DATASET EXTRACT.
BEGIN

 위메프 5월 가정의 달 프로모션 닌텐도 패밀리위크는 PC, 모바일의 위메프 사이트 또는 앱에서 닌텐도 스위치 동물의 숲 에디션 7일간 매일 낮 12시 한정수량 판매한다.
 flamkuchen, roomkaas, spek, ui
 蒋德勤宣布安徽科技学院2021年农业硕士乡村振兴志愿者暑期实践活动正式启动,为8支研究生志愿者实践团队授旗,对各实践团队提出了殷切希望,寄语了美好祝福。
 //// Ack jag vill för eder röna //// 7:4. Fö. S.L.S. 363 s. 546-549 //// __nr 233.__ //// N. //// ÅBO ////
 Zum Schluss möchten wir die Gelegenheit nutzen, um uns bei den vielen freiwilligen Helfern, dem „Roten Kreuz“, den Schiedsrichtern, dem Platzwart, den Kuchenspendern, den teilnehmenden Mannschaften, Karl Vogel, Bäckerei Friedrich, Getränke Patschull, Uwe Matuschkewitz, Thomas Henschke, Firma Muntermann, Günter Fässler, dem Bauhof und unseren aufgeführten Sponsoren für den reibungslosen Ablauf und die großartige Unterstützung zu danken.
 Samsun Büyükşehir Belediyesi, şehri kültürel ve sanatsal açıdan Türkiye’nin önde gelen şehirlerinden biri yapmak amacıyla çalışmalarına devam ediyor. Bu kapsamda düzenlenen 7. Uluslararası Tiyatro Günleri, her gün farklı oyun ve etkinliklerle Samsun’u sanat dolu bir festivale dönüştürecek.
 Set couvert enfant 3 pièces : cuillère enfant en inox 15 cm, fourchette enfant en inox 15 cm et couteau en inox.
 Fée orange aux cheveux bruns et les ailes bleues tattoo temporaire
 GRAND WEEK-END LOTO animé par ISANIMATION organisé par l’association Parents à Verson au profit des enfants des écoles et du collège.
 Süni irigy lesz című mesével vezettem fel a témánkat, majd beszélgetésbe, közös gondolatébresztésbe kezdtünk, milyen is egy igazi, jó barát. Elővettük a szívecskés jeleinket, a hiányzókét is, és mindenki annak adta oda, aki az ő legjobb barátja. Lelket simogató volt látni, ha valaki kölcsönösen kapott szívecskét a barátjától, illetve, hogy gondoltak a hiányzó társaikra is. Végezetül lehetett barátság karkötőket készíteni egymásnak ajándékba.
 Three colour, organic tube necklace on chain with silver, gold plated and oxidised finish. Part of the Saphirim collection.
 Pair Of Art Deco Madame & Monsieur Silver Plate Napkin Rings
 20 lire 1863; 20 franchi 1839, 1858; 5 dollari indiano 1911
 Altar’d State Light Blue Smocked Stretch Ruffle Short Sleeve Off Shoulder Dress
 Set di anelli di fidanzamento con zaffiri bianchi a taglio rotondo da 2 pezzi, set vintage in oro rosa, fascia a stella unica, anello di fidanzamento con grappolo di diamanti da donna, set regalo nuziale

END
BEGIN

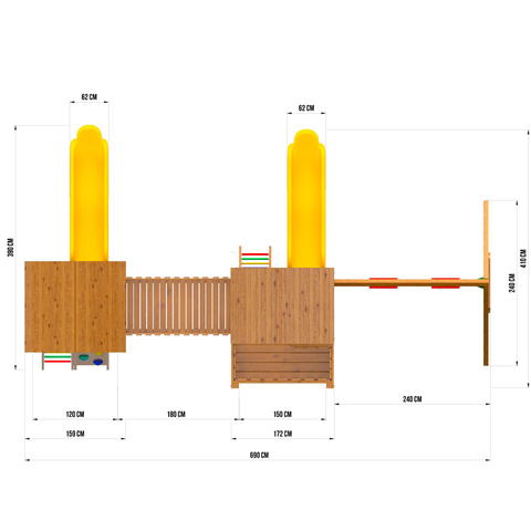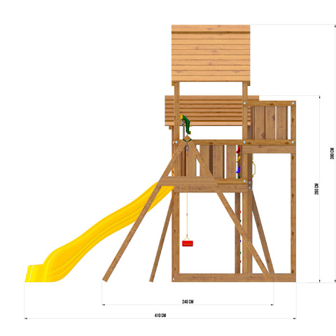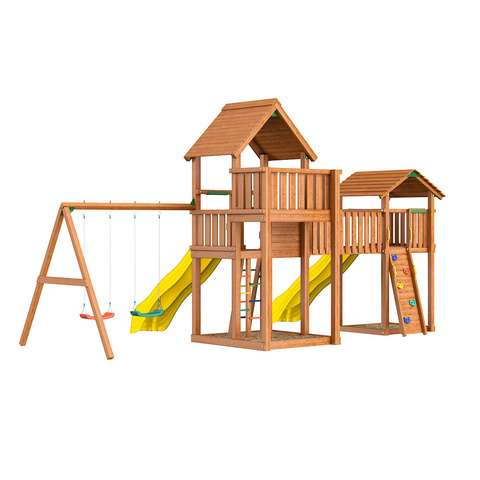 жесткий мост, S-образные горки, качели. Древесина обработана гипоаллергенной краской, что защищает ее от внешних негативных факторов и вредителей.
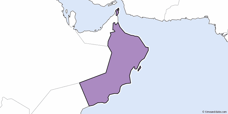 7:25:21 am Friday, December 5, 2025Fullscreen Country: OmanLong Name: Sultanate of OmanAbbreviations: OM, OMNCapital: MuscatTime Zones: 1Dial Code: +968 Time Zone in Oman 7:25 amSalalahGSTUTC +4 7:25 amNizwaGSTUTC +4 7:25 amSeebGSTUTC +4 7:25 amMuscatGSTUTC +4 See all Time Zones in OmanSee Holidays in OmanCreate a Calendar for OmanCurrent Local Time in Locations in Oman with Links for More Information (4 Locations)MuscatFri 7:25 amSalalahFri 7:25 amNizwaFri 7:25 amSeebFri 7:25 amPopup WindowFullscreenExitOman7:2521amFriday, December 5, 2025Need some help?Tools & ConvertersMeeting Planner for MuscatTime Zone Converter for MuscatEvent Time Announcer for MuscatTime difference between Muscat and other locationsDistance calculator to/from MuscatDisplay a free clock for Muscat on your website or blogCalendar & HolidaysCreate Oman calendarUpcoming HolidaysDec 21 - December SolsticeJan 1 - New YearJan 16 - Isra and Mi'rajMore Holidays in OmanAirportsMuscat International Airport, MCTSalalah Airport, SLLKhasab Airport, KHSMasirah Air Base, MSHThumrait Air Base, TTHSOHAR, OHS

END

THE PROBLEM.
Copy word for word the stretch of entries above from the line that has "Pair Of Art" through the line that has "Set di anelli", both ends included, and nothing outside it.

YOUR SOLUTION.
 Pair Of Art Deco Madame & Monsieur Silver Plate Napkin Rings
 20 lire 1863; 20 franchi 1839, 1858; 5 dollari indiano 1911
 Altar’d State Light Blue Smocked Stretch Ruffle Short Sleeve Off Shoulder Dress
 Set di anelli di fidanzamento con zaffiri bianchi a taglio rotondo da 2 pezzi, set vintage in oro rosa, fascia a stella unica, anello di fidanzamento con grappolo di diamanti da donna, set regalo nuziale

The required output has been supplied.